When I was a wee little one, so the story goes, I sat in my crib with a secret smile but nary a hint to my parents of a new talent I was budding. Once left alone, door shut, no adults around to observe, I worked on my latest and greatest feat (drum roll): standing.
(Impressive, I know.)
My folks in those days were young, first-time parents. Perhaps later, once my little brother came along, when schedules got tight with multiple jobs, my school, his teething, when the marriage began to fray in postpartum depression and thinner wallets, frozen winter pipes and, later, spring thaw ceiling leaks—perhaps then they were too busy for surreptitious observations.
But in that first year of new parenthood, my folks would put their fingers to their lips and tip-toe to the doorway of my room, sneaking peeks at baby-me through the cracked door. If I suspected an audience, I feigned interest in toys or toes. Once my observers disappeared, I’d pull on the crib rail, stretch my legs, and rise to stand. Parents back? Oopsie daisy, back on my bottom. I preferred to hone my talent in private.
I’ve mastered standing (you’ll be happy to know), but over the years, essentially not much changed. I close the door when I change my clothes; I do not sing in the shower unless the house is empty; I do not dare send out a piece of writing until it has been pressed through the ringer, the type is dried, the wrinkles ironed, the seams darned.
Enter the blogosphere.
Blogging is immediate, fast, furious. Unlike a laborious five-year tome, the quickness means our words can be pertinent to current trends without delay or restraint from publishing industry gatekeepers. A platform to stand on and a microphone to hold? Oh yes, for us writers, blogging is seductive.
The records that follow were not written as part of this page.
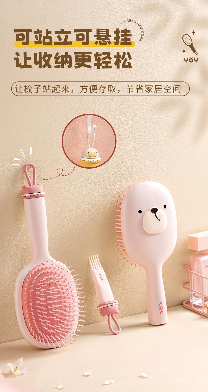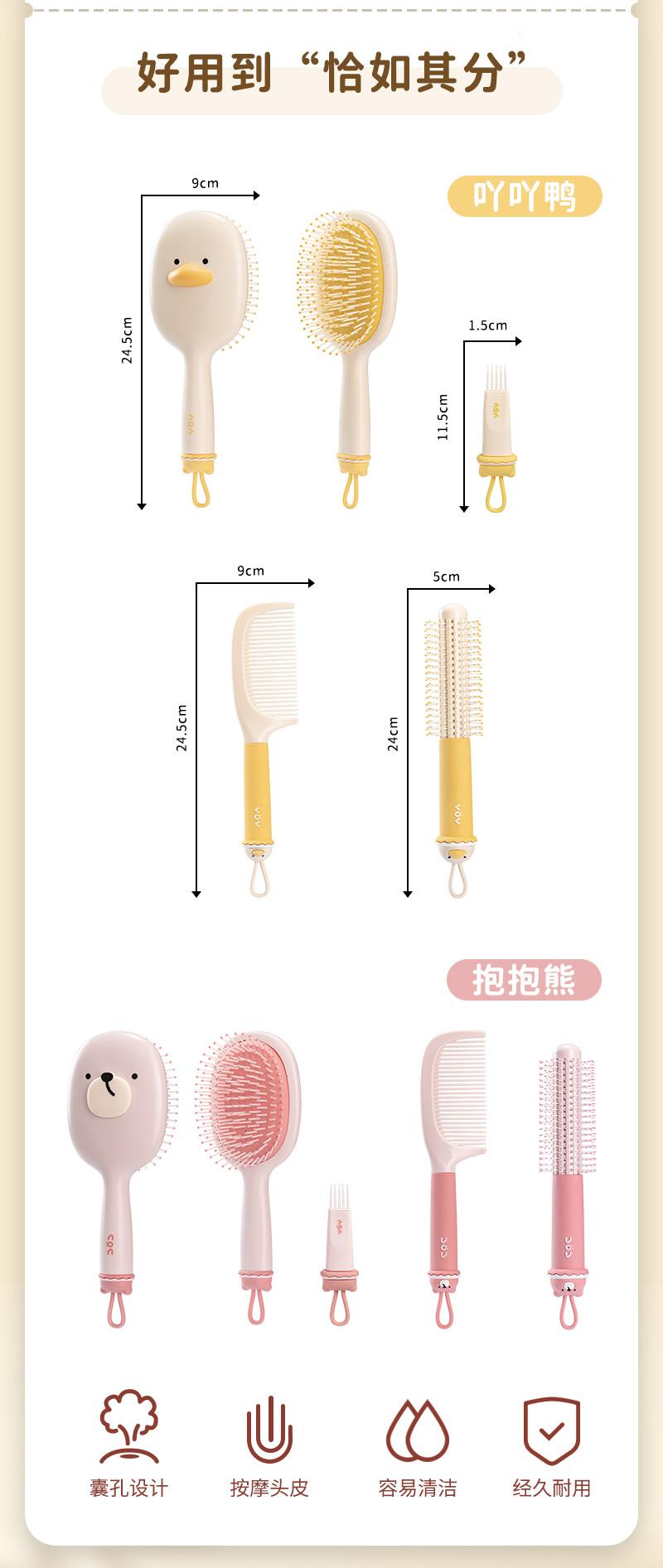 [acridine duck] yellow-air cushion comb with cleaning brush, [hug bear] pink-air cushion comb with cleaning br...
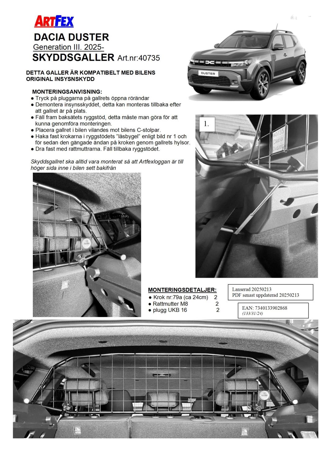 Modellanpassat Artfex Lastgaller, även kallat Skyddsgaller, till Dacia Duster 2024-
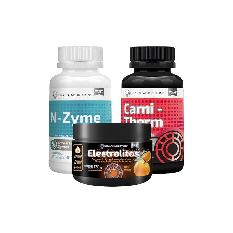 🌟 ⭐ HEALTHADDICTION – Electrolitos con BCAA’s + Enzimas Digestivas + Carnitherm con L-Carnitina, Té Verde y Cromo – Quema & Control Pack – Fórmulas Sin Azúcar y Sin Gluten – 3 Suplementos ⭐ 🌟
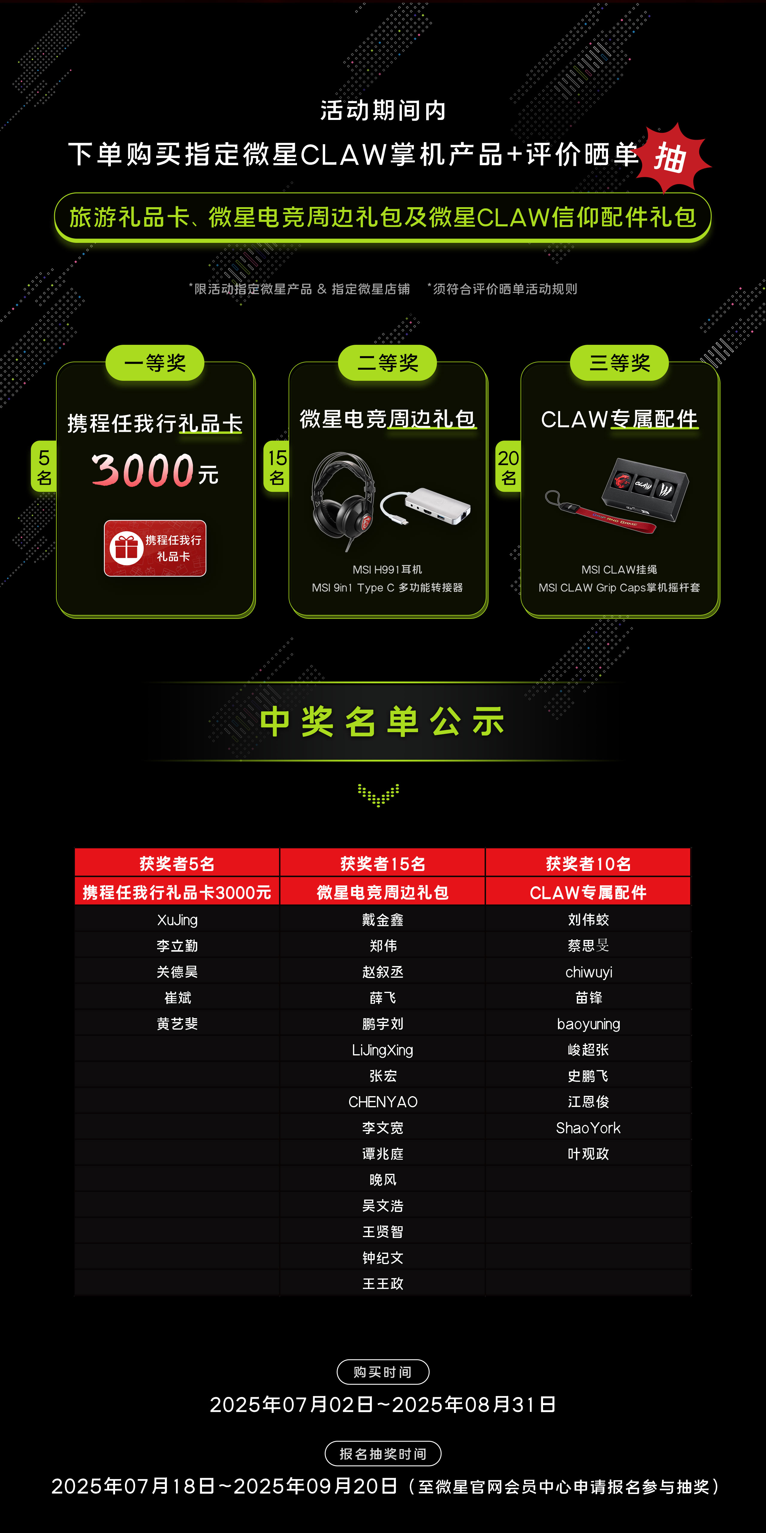 带着微星CLAW掌机“趣”旅行 评价晒单抽至高3000元好礼!

But, I am sure you can relate: so many of us writers are introverts. Perhaps also a tad bit perfectionist. I am the twelve-month first-draft kinda gal. I weigh each phrase, shift punctuation, and hide my pages from anyone but my mentor. In the world of performance, I’m a fan of rehearsals. Improv? Not so much. The nature of blogging is in direct opposition to a ruminative nature.
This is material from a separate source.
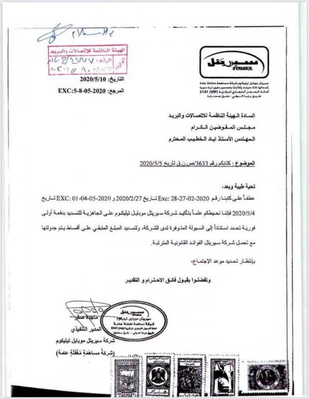وقال “مخلوف” في منشور على صفحته في “فيسبوك”، إنه “جواباً على ما نشرته الهيئة الناظمة للاتصالات والبريد على صفحتها الرسمية على موقع التواصل الاجتماعي فيسبوك، حول رفض شركة سيريتل موبايل تيليكوم دفع المبالغ المفروضة عليها، فإننا نبين عدم صحة ما جاء بهذا المنشور، كون شركة سيريتل قد توجهت للهيئة الناظمة للاتصالات والبريد بالكتاب المرفق صورته ربطاً الذي تم تسجيله في ديوان الهيئة تحت الرقم 4777/ح.ن.ق بتاريخ 10/05/2020 والذي بينت شركة سيريتل بموجبه استعدادها لتسديد المبالغ المفروضة عليها ومطالبةً الهيئة الناظمة للاتصالات والبريد بموجبه تحديد مبلغ الدفعة الأولى ومبالغ الأقساط الأخرى والفوائد المترتبة عليها”.
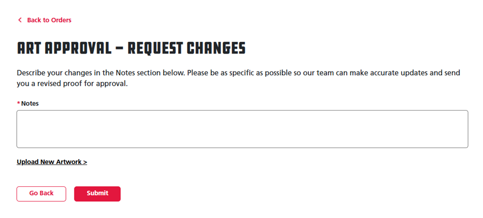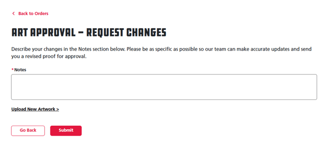 a. If you clicked the Request Changes button, a Notes text box will appear below for you to enter the edits you want to make to your art proof. Below the provided text box is a black Upload New Artwork link for you to submit any new artwork files if desired. Once you have finished making edits, click the red Submit button below to proceed or the white Back button to cancel the requested change.

And yet, I am here blogging, and perhaps you relate to this also: it’s the tension of the opposites. There’s the way we do things normally, and our desire to grow beyond those bounds. There’s something—isn’t there?—about stretching out of a comfort zone.
Despite myself, in the years since my first Blogger account, through Tumblr, WordPress,Weebly, and Lunch Ticket, I’ve grown affectionate towards blogging. Thoughts quicken by the effort of it. In brainstorming topics, the creativity gears are oiled. Words come faster, and not just on the page. The mind sharpens.
Blogging is the opposite of perfecting a five-year novel in private. Blogging is typed and pushed live. Hello, world! There is no conservative safety here as with the single-reader letter, so blogging infuses the writer with deeper courage—perhaps the deepest courage there is, which is to speak up, speak out. If standing in a crib beyond the watchful eyes of others is the way I have always preferred to master my arts, blogging is the practice of forced growth, embracing imperfections, releasing control. Flaws and all.
Perhaps most powerful of all, though, blogging breaks the traditional one-way narrative barrier: readers also have a platform and a mic. Sometimes the comment threads are meager, but other times they light up with an electricity of their own. Such a lonely endeavor, writing. The courage and connectivity of blogging fortifies our literary community. Blogging opens the one-way street of writing to two-way traffic.